Over-population leads to economic insecurity and social unrest. Unrest and insecurity lead to more control by central governments and an increase of their power. In the absence of a constitutional tradition, this increased power will probably be exercised in a dictatorial fashion. Even if Communism had never been invented, this would be likely to happen. But Communism has been invented. Given this fact, the probability of over-population leading through unrest to dictatorship becomes a virtual certainty.
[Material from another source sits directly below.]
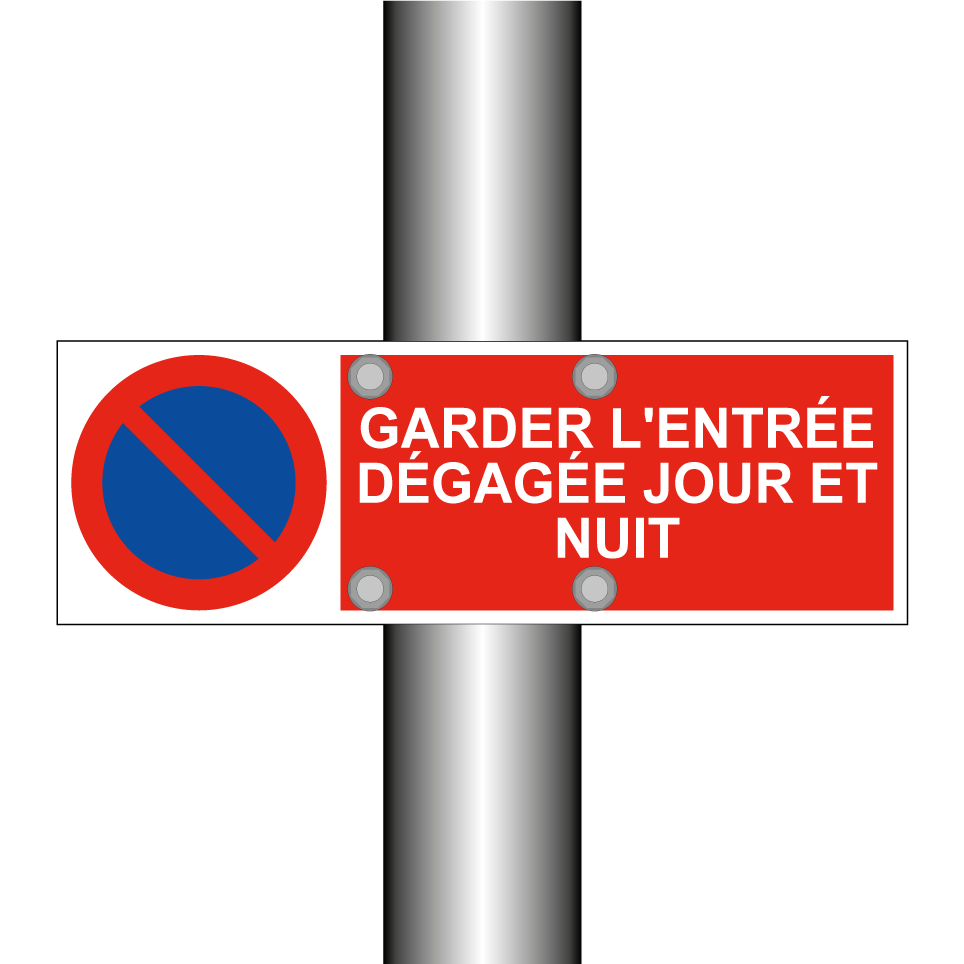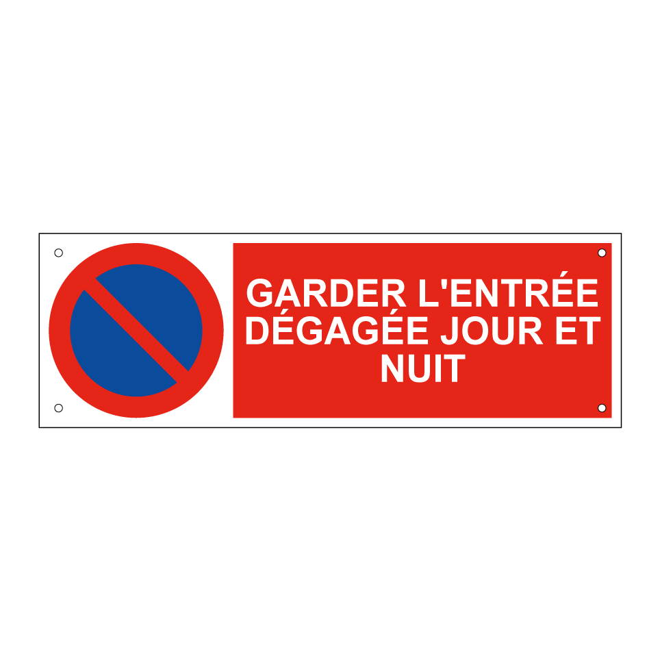 Panneau d'interdiction de stationner avec le texte : "Garder l'entrée dégagée jour et nuit" et une symbolique claire.

It is a pretty safe bet that, twenty years from now, all the world’s over-populated and underdeveloped countries will be under some form of totalitarian rule—probably by the Communist party.”

Over-population, Over-organization, and Freedom

The picture of the Age of Over-Population and its freedom hampering tendencies have been highlighted through the challenges both of higher human population growth rates and the challenges that come with emergent behaviors across increasingly large groups of humans for which behavioral contagion may quickly spread. I have only attempted to point to the contours of the arguments and some of the evidence available for them, and illustrate some points with short stories.

While concerns for resource depletion, poverty, and infant mortality rates are reduced thanks to advances in science and technology, as the global population approaches 8 billion humans, and the global growth rate remains about 1% (and significantly higher in particular regions), significant concerns remain for environmental degradation, pandemics, and political and social conflict, and correspondingly human freedom.

The Age of Over-population has aided in ushering in the Age of Over-organization. With more people, more crowded together, with more complex technologies all shuffled together in a sea of rapidly rising increases, there has been pressure towards more organization and organizations themselves have evolved into new and more powerful structures as they too have responded to an environment of increasing numbers of humans with increasingly powerful technologies.